Really must check my threads through for spelling before posting... ! :lol: :lol:


----------



## charger17

Nice write up. I just have one disagreement. Clay cannot be used for the removal of IFO (industrial fallout). Rather than removing the embedded particle the clay will simply break the top off the particle, leaving the rest in the cars finish. Eventually this will rust back. The only true way to remove IFO is with an acidic fallout remover.


----------



## The Incredible Hulk

Dave,

Great write up, I'm planning a detailing day later this month and your guides will be studies, printed off and used in anger!

regards, Kevin


----------



## DuncHank

How aggresive is Opticlay Dave, on an 11 year old, never clayed before car would i need something more aggresive!?


----------



## Dave KG

I have never used Opticlay myself I'm afriad, so I cannot comment on its aggressiveness, perhaps someone else can chime in here...?

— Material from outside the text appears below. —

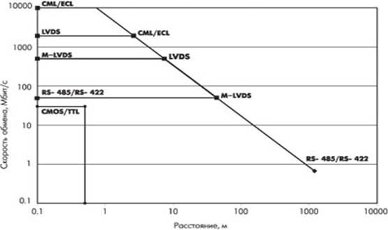 При расстояниях до 30 м и скоростях передачи менее 50 Мбит/с обычно используют интерфейсы стандартов TIA/EIA-422 (RS-422, multidrop) и TIA/EIA-485 (RS-485, multipoint). Выходные дифференциальные сигналы высокого уровня, чувствительные приемники и работоспособность при уровнях помех до 7 В - их положительные качества для обеспечения эффективного обмена данными между удаленным оборудованием. Для скоростей передачи более 50 Мбит/с или в устройствах, где очень важно низкое потребление энергии, применяют интерфейсы LVDS или M-LVDS. Передача и прием со скоростью около 10 Гбит/с обеспечивается эмиттерно-связанной логикой (ECL - emitter-coupled logic) или положительной эмиттерно-связанной логикой (PECL - positive ECL). Однако такая высокая скорость обмена достигается за счет увеличения стоимости при сильном росте потребляемой мощности.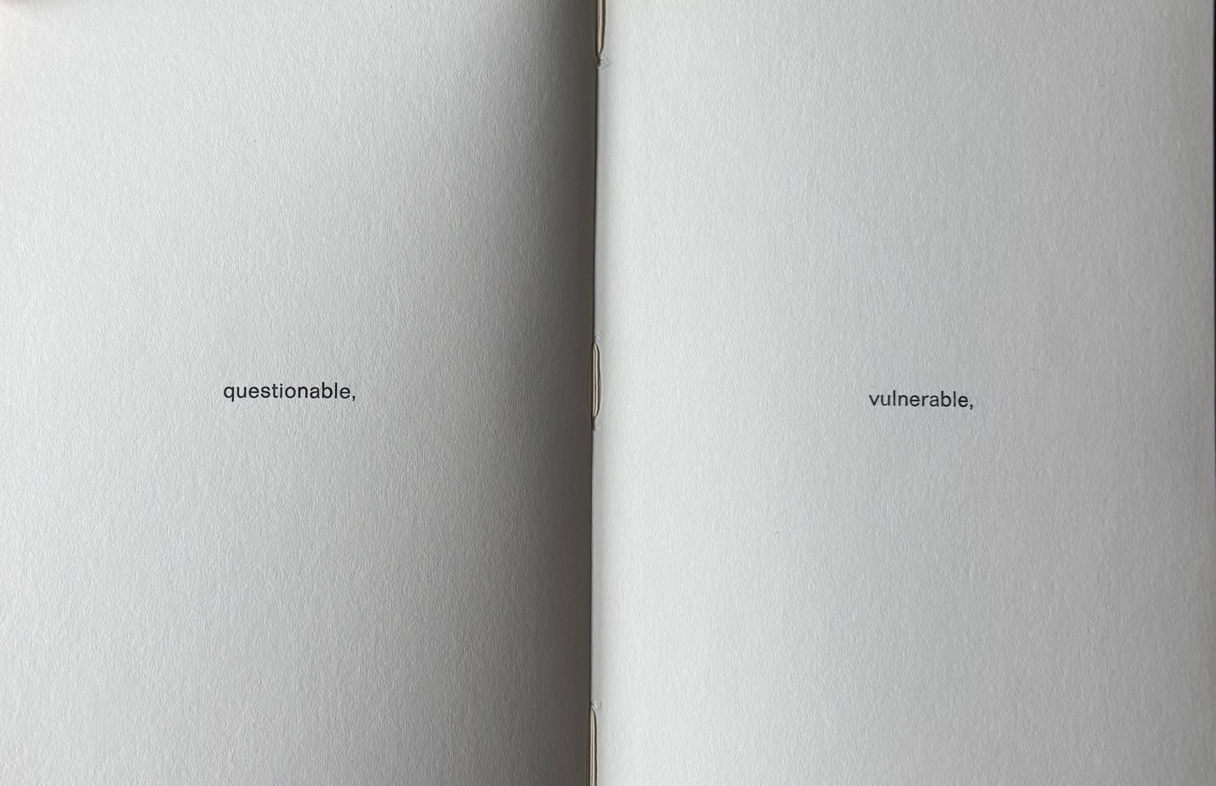 First edition. 72 adjectives - one on each page - successively asserted and denied.

If the car has never been clayed in 11 years, then you may need quite an aggressive clay for its first clay, but take care with aggressive clays are they are far more prone to marring the paint than mild clays. Very aggressive clays, like the Red Meguiars Overspray Clay need to be used with real caution.


----------



## CleanYourCar

Nice write up. 

Clay doesn't pull contaminants off the paint though, basically it is a clay polybutene base with various levels of abrasives mixed in it. It is actually abrasively grinds the contamination off the surface. The clay shears off any foreign material above the level surface of the paint.

Thats why you need to be careful with agressive clays as they have agressive large abrasives in them which in the wrong hands will cause some damage to the paint which will need correcting.

'Professional' more aggressive clays, are the equivalent to using heavy rubbing compound, finer ones shouldn't be used too often, then there are ones such as the SFX Ulktra Fine from Sonus, which are gentle enough to be used as often as monthly and still do a very good job at removing the contaminants.

Lubrication is also very important. The best are glycerin-based lubricants, but plenty of soapy water will also sufice.


----------



## L200 Steve

I've tried 'opti' clay -

http://www.meguiars.co.uk/phpBB2/viewtopic.php?t=2736&postdays=0&postorder=asc&start=0


----------



## PugIain

Thats a good bit of writing mate (the above link is good too) Im going to have a bash at claying my car cos its 10 year old nearly and the paint even though its treated well is just starting to get abit gritty.


----------



## CleanYourCar

Definately have a go. It is my favourite part of detailing a car so satisfyling to see the embedded dirt removed.


----------



## charlievarley

Love this one Dave gone get claying this weekend


----------



## Affection to Detail

How long should it roughly take to clay different sized cars? I was only doing a small one and it felt like an eternity, maybe over 2 hrs, not sure.

L8rs

Nad


----------



## richie.guy

1.5-3 hours i'd say depending on how bad the paint is.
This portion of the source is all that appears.